|
|
ОМРИ РОНЕН о БОРИСЕ СЛУЦКОМ
Биографы и авторы воспоминаний не перестают извиняться за Слуцкого, он-де защищал “оттепель”, которой дело о Нобелевской премии угрожало. На самом деле Слуцкий писал об оттепели с большими оговорками. Разумеется, он, член партии, не веривший в наветы 1937 года, приветствовал ХХ съезд, но хрущевщину он презирал как “характерную пляску шута”. В то, что если зло простит добро, то добро, “поздней похвалой” польщенное, за это должно простить зло, подставив другую щеку, и тогда воцарится благоволение, он не верил, а верил в зуб за зуб, выбитый на допросах: “Чтоб судьбу, бестолковую пряху, / Вновь на подлость палач не подбил, / Мир, предложенный вашему праху, / Отвергаете вы из могил. // Отвергаете сладость забвенья / И терпенья поганый верняк. / Кандалов ваших синие звенья / О возмездии только звенят”. Но возмездия не было, а были казенные “комиссии по литературному наследству”, о которых Слуцкий сложил иронические стихи.
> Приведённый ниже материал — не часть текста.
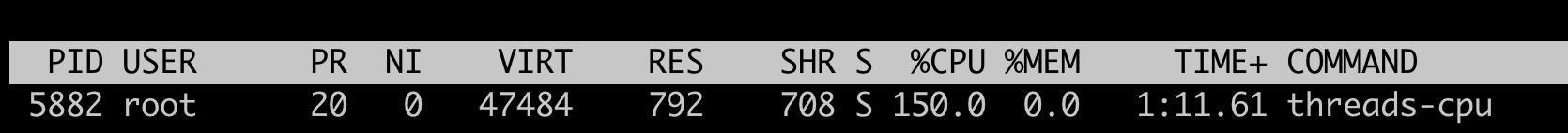 这时候我们再运行top,就会发现threads-cpu进程的CPU使用减小到了150%。这是因为我们设置的cpu.cfs_quota_us起了作用,限制了进程CPU的绝对值。
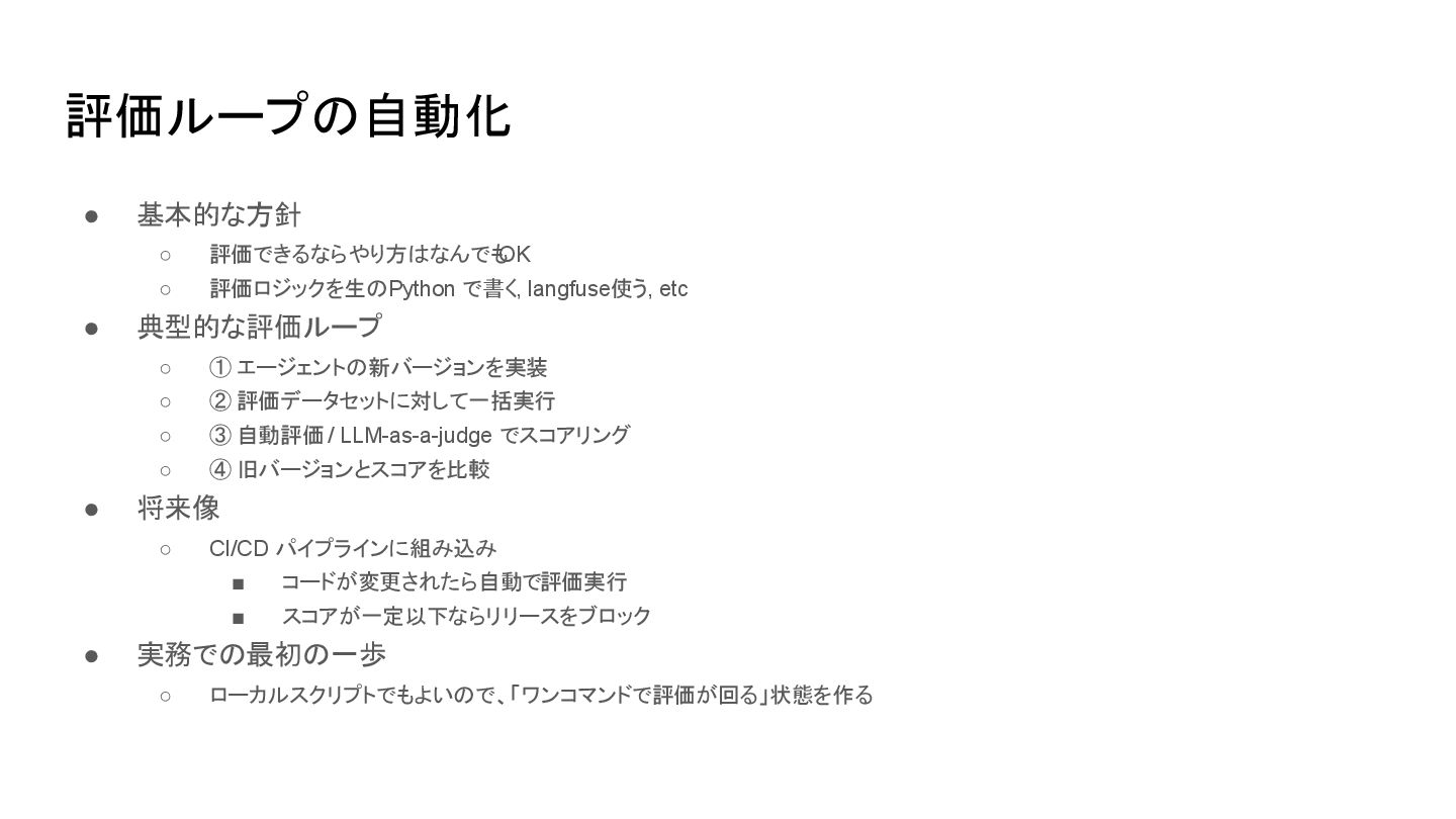 langfuse使う, etc • 典型的な評価ループ ◦ ① エージェントの新バージョンを実装 ◦ ② 評価データセットに対して一括実行 ◦ ③ 自動評価 / LLM-as-a-judge でスコアリング ◦ ④ 旧バージョンとスコアを比較 • 将来像 ◦ CI/CD パイプラインに組み込み ▪ コードが変更されたら自動で 評価実行 ▪ スコアが一定以下ならリリースをブロック • 実務での最初の一歩 ◦ ローカルスクリプトでもよいので、「ワンコマンドで評価が回る」状態を作る

О мятежных венгерских литераторах и о революции в Венгрии, в самом деле нанесшей удар советской казенной оттепели, он, хорошо знавший Венгрию, деливший когда-то графскую землю между ее крестьянами, не написал, насколько я знаю, ни слова. Ни слова осуждения. Извиняться за Слуцкого не надо. Надо читать его “Оду случаю”: “Случай, только он. / Он мне на долю выпал. / Случился случай споро, / И я не пал. Не выпал / Кристаллом из раствора. / Я мог бы стать нечетным / И вот остался четным. / Я мог бы стать нечестным / И вот остался честным, / Ни лагерною пылью, / Ни позабытой былью, / Таинственной, как тать, / Не стал. / А мог бы стать”. Но быль московских интеллигентских пересудов, темная, как тень, все-таки плетется за гробом Слуцкого. Пора этой тени знать свое место.